• WHAT THE TASK REQUIRES:
An exact reproduction is required of the lines from the beginning of the entries through the line with "Doughnut Economics provides", pictures excluded and nothing added.
◇ ◇ ◇ ◇ ◇
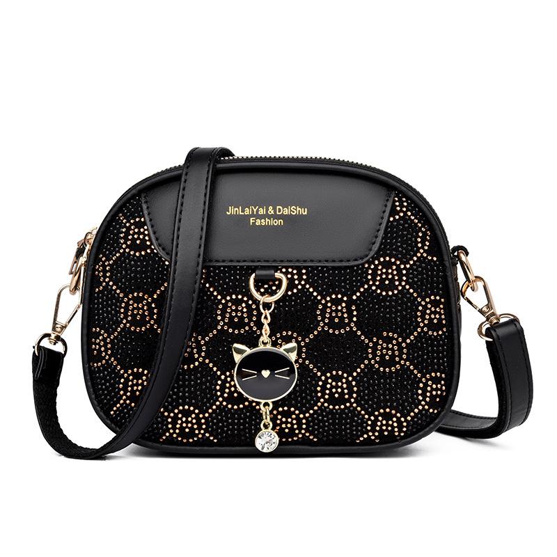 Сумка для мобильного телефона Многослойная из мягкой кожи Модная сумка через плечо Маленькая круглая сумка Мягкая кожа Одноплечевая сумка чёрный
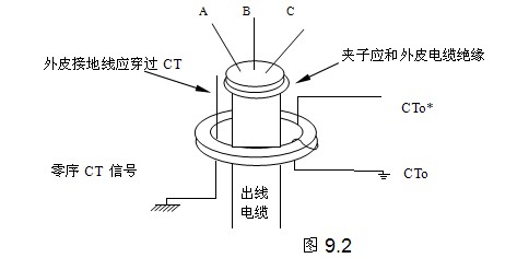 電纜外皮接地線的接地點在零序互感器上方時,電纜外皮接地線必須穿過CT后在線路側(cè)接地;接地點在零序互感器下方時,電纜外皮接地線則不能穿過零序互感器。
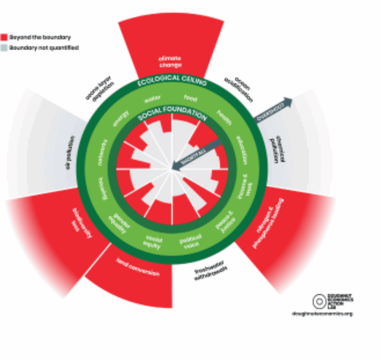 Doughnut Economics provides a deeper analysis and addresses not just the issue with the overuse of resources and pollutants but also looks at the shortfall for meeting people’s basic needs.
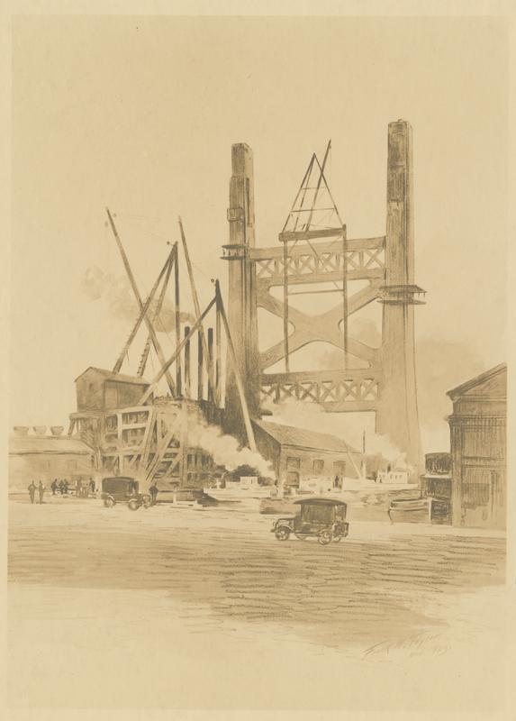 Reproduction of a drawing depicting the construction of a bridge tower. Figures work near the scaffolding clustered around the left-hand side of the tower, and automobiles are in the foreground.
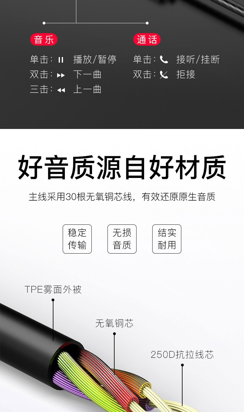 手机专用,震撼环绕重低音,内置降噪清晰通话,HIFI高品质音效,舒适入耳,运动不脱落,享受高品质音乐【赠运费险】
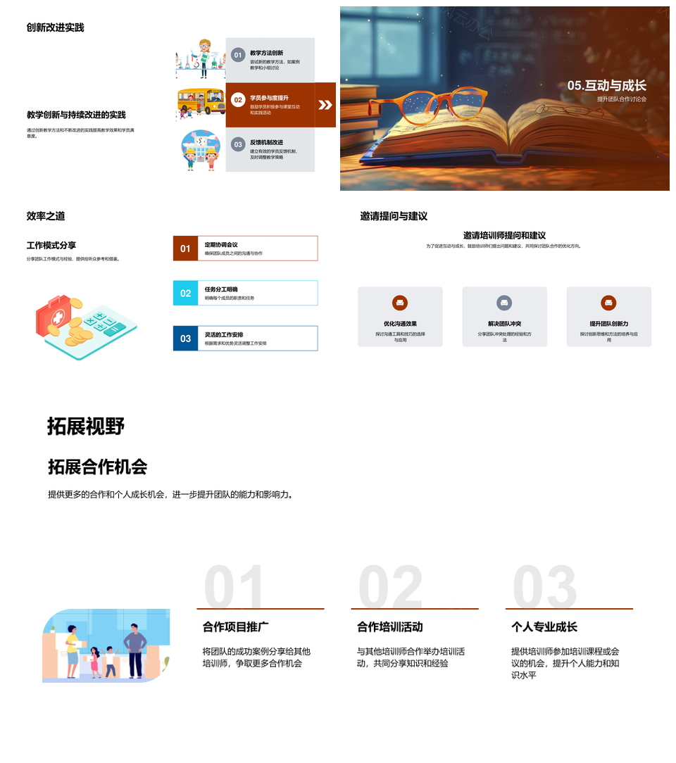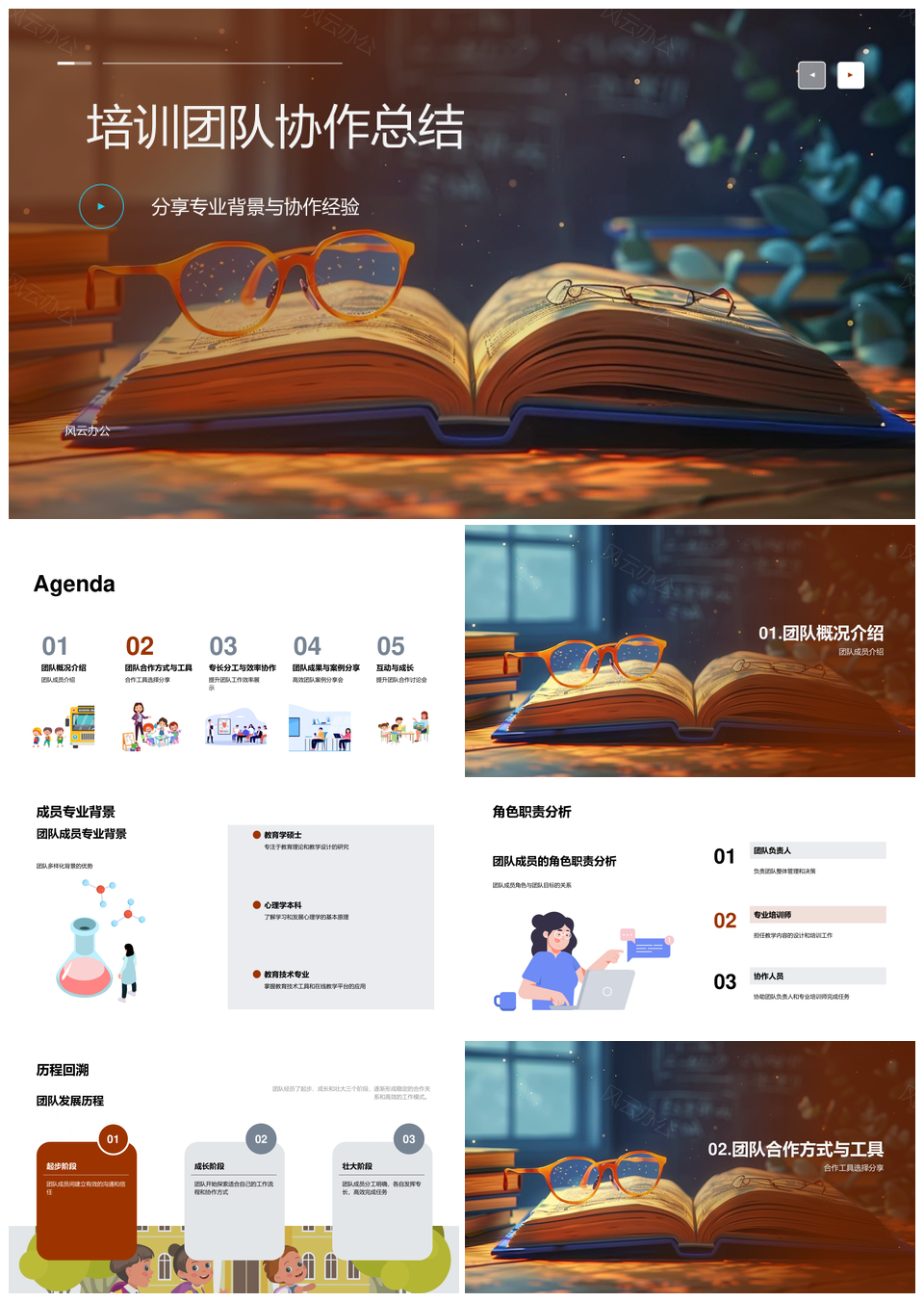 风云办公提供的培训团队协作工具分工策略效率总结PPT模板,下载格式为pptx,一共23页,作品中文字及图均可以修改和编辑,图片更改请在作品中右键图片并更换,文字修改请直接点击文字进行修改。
◇ ◇ ◇ ◇ ◇
• RESPONSE TO THIS TASK:
 Сумка для мобильного телефона Многослойная из мягкой кожи Модная сумка через плечо Маленькая круглая сумка Мягкая кожа Одноплечевая сумка чёрный
 電纜外皮接地線的接地點在零序互感器上方時,電纜外皮接地線必須穿過CT后在線路側(cè)接地;接地點在零序互感器下方時,電纜外皮接地線則不能穿過零序互感器。
 Doughnut Economics provides a deeper analysis and addresses not just the issue with the overuse of resources and pollutants but also looks at the shortfall for meeting people’s basic needs.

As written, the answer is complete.